> Task requirements
Reply with one number: the count of lines in the records below that hold "open".

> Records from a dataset
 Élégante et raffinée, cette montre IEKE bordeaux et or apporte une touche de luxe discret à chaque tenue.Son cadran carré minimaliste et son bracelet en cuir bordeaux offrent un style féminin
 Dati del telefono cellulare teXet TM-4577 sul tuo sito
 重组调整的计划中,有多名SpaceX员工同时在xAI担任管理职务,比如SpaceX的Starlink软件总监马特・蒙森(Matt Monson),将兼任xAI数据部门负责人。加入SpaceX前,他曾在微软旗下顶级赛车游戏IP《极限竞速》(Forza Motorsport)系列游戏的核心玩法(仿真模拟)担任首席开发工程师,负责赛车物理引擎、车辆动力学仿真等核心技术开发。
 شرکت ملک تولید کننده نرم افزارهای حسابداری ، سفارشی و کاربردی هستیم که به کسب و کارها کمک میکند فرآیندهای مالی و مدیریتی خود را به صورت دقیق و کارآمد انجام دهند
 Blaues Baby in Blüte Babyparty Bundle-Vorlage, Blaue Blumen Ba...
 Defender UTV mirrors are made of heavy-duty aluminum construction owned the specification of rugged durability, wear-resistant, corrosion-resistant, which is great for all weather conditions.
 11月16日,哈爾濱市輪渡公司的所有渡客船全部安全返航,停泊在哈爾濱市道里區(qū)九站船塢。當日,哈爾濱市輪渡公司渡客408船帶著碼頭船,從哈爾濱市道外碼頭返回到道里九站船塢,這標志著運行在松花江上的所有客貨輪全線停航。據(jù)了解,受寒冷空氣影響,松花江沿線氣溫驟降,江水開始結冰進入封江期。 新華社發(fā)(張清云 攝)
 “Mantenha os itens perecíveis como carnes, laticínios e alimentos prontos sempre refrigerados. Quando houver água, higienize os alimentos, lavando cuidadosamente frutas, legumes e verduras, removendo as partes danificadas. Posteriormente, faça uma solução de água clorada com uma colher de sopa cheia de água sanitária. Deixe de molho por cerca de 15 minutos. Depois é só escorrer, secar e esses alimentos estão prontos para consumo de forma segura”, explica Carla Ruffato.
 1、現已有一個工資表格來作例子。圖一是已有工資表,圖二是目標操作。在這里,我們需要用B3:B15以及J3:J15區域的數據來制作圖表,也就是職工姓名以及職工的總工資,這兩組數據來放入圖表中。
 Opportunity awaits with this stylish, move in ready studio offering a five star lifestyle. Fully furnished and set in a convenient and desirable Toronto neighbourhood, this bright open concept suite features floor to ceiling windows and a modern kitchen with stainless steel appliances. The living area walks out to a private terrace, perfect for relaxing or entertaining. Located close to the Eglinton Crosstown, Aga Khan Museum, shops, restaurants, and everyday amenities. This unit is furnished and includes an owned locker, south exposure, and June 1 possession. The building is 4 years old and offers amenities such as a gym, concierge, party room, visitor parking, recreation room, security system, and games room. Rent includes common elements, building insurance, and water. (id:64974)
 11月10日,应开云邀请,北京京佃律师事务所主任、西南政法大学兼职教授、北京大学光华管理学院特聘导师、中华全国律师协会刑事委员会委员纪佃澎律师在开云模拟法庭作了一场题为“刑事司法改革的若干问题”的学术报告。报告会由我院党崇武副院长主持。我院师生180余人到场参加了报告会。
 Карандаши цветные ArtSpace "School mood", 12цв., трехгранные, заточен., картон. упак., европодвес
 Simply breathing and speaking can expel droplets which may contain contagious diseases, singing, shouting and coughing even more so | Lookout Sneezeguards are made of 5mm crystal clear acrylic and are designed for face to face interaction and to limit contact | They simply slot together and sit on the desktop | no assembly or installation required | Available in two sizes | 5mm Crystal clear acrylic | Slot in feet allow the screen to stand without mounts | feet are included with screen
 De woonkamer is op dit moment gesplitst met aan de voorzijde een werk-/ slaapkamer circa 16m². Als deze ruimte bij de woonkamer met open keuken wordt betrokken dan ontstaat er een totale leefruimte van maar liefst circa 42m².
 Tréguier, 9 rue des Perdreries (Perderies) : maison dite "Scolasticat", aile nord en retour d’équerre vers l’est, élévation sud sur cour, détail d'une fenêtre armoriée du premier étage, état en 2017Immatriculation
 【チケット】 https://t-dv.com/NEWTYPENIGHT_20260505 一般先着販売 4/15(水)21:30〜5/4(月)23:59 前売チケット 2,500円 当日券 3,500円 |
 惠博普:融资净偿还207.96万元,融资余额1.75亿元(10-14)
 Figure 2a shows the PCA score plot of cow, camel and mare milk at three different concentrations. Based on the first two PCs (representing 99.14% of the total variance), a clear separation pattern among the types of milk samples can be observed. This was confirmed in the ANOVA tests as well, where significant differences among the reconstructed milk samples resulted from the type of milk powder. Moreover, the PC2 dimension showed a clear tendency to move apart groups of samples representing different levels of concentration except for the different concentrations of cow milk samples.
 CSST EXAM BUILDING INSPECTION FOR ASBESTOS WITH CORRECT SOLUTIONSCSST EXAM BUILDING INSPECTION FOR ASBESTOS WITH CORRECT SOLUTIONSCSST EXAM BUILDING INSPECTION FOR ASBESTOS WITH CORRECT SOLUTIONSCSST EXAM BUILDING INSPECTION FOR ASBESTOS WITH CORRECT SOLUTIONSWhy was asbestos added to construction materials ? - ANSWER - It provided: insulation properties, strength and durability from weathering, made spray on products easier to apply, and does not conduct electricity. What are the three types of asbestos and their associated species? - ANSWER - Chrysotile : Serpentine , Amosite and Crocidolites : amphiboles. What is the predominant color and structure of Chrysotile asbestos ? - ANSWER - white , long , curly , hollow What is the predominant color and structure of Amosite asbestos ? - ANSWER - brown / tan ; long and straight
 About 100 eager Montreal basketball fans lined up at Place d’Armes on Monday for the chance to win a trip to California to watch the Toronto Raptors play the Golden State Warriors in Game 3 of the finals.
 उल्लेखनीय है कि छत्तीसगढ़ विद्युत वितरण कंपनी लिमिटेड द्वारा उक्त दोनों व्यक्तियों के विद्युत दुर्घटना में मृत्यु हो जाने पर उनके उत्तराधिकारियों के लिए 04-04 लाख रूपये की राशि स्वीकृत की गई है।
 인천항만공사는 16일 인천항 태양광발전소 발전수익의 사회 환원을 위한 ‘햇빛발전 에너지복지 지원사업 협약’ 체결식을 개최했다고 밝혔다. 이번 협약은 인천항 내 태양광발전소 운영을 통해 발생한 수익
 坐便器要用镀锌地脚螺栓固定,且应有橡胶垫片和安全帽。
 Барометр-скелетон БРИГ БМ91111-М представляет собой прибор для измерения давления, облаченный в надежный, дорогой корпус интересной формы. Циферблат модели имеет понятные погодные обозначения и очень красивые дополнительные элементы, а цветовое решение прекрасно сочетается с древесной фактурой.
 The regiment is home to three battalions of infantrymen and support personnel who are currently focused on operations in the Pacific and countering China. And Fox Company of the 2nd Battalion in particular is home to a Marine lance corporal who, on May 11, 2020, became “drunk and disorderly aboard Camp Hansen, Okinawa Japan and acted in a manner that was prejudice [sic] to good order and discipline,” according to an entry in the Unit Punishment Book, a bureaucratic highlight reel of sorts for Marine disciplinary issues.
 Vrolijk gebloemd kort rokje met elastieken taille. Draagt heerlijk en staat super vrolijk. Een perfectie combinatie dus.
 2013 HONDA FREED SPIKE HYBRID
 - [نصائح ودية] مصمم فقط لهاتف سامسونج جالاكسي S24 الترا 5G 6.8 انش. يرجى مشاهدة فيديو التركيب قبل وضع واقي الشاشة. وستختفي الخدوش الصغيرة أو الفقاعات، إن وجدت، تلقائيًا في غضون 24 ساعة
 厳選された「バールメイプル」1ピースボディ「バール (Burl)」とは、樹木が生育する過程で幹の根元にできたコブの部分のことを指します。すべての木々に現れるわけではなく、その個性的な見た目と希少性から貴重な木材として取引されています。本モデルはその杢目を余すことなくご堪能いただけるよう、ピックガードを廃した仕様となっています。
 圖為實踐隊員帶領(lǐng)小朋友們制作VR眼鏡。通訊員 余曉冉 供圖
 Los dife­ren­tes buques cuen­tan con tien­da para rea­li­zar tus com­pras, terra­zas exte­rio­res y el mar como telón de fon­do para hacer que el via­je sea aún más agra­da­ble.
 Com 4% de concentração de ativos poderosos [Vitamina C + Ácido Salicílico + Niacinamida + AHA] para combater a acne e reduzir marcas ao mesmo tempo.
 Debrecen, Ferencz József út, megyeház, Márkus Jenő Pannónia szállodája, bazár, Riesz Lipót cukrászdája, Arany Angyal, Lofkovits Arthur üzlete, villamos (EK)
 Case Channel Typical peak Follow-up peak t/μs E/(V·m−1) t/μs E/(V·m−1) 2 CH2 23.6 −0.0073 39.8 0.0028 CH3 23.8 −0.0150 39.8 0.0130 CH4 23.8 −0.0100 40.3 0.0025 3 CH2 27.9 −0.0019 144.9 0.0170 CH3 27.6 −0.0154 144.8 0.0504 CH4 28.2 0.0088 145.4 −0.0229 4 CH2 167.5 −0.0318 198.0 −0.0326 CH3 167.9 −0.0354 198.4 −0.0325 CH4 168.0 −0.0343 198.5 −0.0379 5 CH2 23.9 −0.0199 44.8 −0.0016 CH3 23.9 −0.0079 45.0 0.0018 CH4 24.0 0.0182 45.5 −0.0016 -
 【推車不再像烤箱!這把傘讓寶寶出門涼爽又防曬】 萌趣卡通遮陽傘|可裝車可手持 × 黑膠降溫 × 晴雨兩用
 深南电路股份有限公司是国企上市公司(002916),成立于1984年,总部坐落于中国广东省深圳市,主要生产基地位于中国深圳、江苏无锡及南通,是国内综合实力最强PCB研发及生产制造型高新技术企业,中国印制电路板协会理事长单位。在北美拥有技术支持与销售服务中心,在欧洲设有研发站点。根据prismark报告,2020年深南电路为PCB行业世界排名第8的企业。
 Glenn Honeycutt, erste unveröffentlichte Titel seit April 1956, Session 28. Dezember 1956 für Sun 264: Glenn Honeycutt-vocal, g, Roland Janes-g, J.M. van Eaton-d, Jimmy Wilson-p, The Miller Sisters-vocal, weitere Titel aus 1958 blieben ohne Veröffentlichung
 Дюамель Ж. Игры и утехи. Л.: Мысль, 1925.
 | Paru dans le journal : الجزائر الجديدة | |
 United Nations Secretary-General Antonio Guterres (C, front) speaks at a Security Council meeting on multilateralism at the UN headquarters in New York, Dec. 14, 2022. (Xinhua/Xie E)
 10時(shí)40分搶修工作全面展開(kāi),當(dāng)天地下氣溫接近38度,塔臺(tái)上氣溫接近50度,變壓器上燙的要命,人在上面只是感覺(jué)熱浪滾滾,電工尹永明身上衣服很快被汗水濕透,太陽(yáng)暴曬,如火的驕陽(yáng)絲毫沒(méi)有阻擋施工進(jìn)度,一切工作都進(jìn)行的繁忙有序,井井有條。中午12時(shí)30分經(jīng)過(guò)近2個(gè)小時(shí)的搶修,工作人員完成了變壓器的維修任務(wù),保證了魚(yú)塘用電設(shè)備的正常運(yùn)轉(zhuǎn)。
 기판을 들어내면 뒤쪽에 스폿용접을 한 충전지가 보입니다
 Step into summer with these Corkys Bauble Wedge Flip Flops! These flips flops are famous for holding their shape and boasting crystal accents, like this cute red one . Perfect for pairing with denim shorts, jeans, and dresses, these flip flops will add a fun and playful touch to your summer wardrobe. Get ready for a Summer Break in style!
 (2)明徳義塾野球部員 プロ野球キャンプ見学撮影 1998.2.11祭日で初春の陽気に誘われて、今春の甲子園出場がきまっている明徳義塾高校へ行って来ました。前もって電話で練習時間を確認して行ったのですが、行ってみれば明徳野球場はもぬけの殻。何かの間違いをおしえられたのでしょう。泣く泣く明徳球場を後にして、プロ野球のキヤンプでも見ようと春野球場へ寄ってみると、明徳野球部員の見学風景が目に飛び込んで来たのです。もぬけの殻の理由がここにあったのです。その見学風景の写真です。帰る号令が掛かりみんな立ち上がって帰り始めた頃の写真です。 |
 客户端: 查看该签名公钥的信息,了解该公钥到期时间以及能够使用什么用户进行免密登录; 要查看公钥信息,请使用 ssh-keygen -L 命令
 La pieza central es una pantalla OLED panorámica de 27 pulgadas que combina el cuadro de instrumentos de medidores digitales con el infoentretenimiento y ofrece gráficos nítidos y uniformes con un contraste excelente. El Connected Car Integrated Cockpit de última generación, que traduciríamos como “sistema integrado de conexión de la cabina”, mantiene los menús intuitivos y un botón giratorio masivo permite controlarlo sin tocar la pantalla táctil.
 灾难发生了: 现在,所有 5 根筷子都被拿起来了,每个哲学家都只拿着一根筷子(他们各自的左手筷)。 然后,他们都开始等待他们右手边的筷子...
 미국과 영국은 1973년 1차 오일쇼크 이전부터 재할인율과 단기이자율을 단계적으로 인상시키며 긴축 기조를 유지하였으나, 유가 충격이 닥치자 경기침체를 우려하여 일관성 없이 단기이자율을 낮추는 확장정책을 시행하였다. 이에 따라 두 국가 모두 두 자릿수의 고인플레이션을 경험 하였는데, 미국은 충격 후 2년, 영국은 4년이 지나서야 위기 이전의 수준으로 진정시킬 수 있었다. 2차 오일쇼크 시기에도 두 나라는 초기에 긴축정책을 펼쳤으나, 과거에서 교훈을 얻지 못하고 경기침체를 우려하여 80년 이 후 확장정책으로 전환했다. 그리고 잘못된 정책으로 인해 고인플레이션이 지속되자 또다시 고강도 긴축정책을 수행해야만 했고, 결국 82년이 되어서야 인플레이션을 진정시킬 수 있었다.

> Exercise solution
2